-- Task to carry out --
For the data that follows, print the line with "Figure 5 Pigs", the line with "Winter weather in", and all lines between them, exactly as they stand. Omit pictures and add nothing.

-- Records for the task --
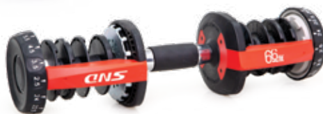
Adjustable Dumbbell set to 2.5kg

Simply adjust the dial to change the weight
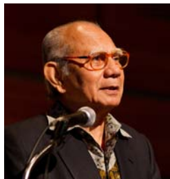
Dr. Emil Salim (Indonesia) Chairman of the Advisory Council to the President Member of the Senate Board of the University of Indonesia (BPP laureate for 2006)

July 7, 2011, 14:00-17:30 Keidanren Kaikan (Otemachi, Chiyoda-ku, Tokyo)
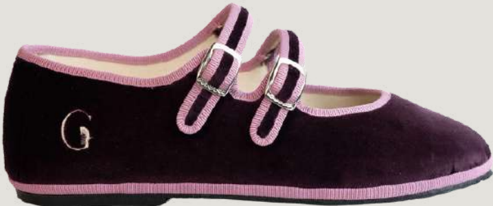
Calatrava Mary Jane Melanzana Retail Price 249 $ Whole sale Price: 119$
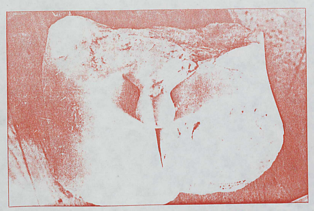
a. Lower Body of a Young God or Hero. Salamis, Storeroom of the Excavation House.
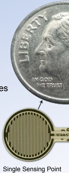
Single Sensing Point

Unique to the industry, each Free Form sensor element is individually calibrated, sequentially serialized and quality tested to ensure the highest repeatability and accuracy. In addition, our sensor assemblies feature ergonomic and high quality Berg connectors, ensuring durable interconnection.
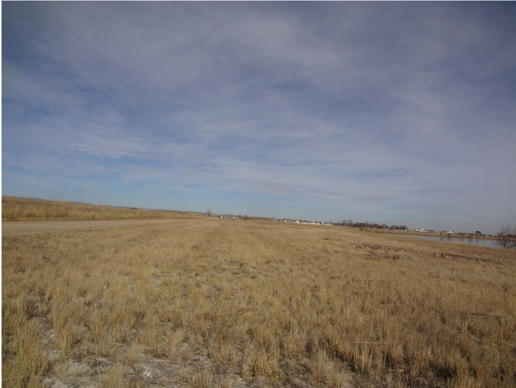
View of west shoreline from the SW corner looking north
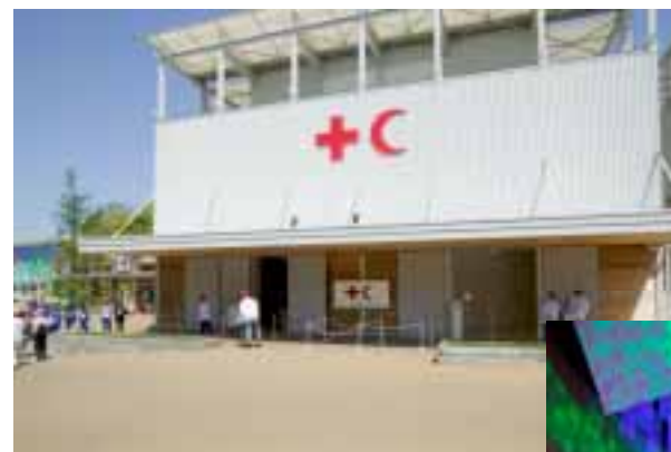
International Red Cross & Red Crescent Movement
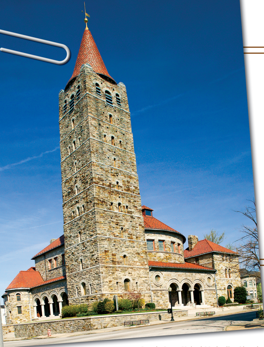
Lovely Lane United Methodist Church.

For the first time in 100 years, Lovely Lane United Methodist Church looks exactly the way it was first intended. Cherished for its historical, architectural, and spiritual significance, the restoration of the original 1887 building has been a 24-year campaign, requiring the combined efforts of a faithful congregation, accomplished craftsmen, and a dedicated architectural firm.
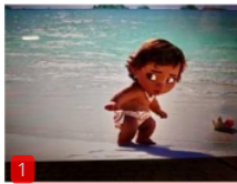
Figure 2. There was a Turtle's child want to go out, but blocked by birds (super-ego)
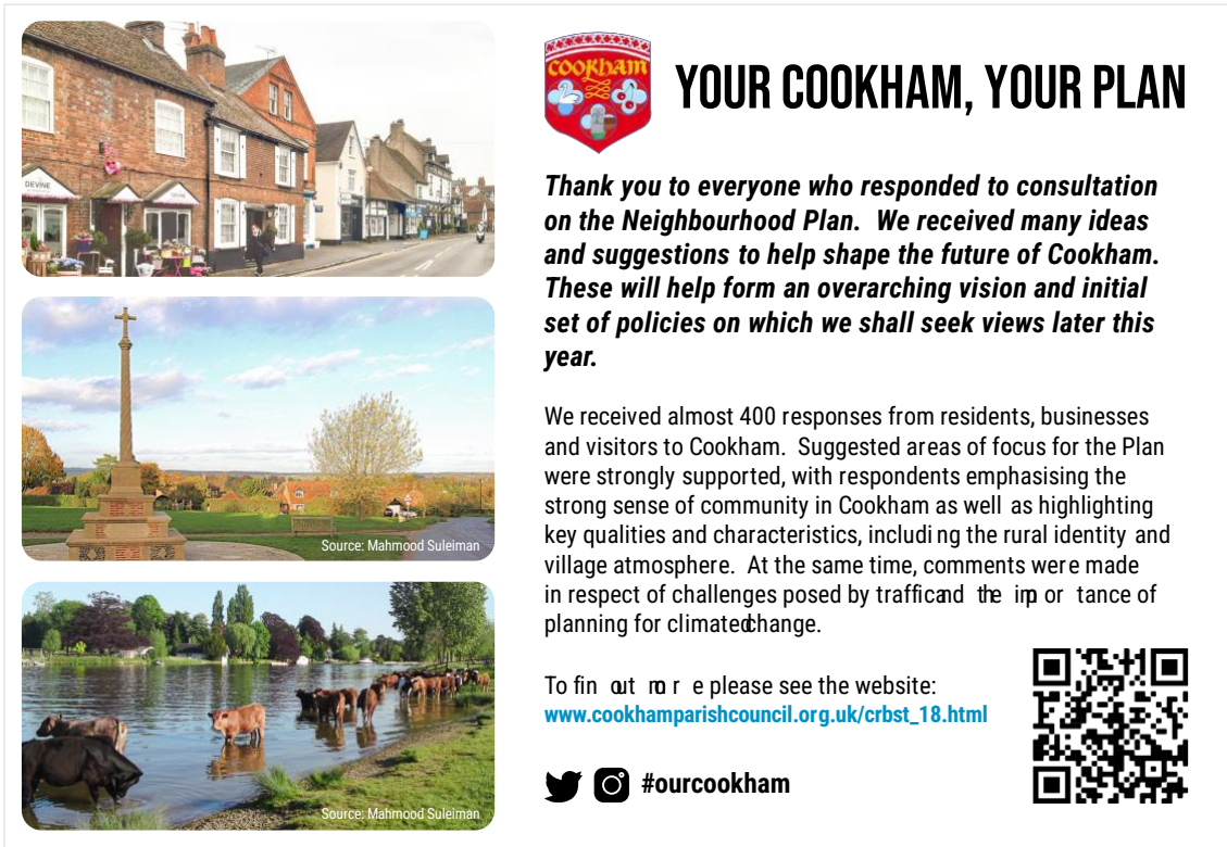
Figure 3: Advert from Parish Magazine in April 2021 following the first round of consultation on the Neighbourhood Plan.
---
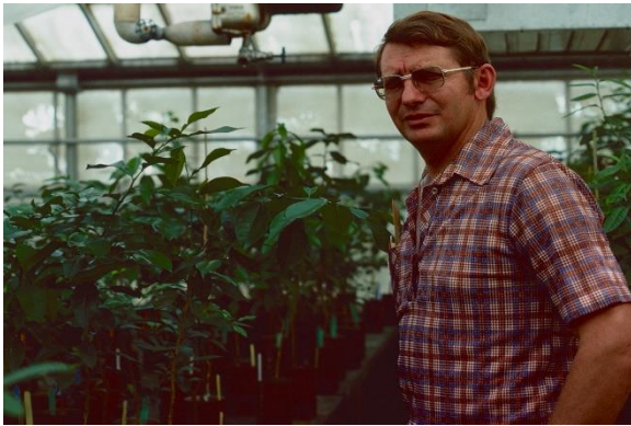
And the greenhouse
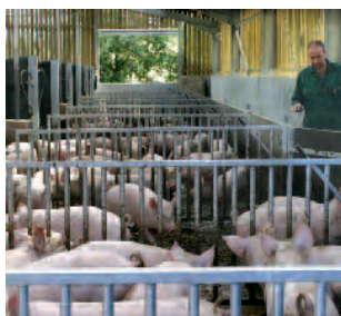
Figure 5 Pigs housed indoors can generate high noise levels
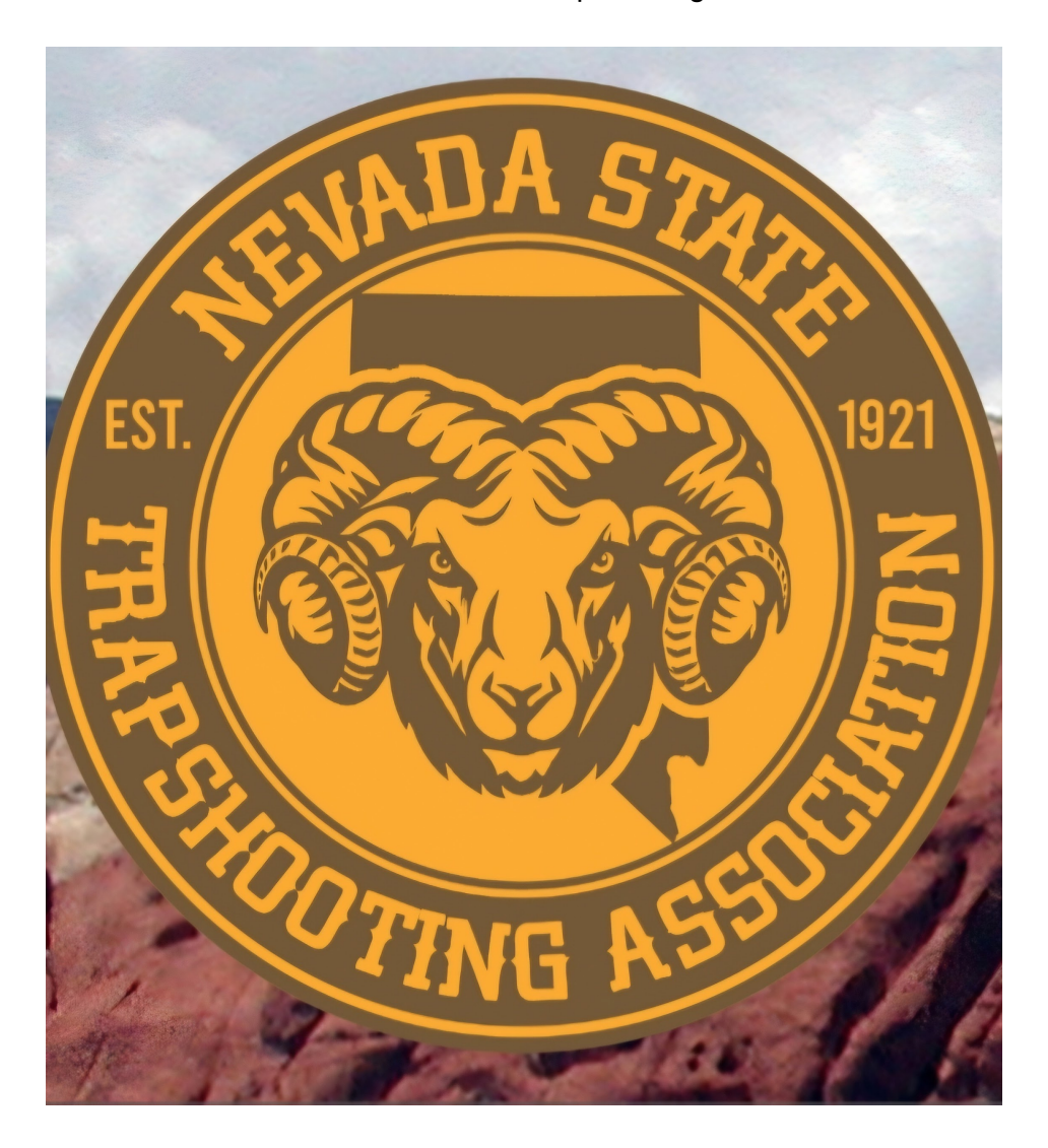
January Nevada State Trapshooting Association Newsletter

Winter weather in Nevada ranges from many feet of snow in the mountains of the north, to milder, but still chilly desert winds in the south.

-- Answer to this task --
Figure 5 Pigs housed indoors can generate high noise levels
January Nevada State Trapshooting Association Newsletter

Winter weather in Nevada ranges from many feet of snow in the mountains of the north, to milder, but still chilly desert winds in the south.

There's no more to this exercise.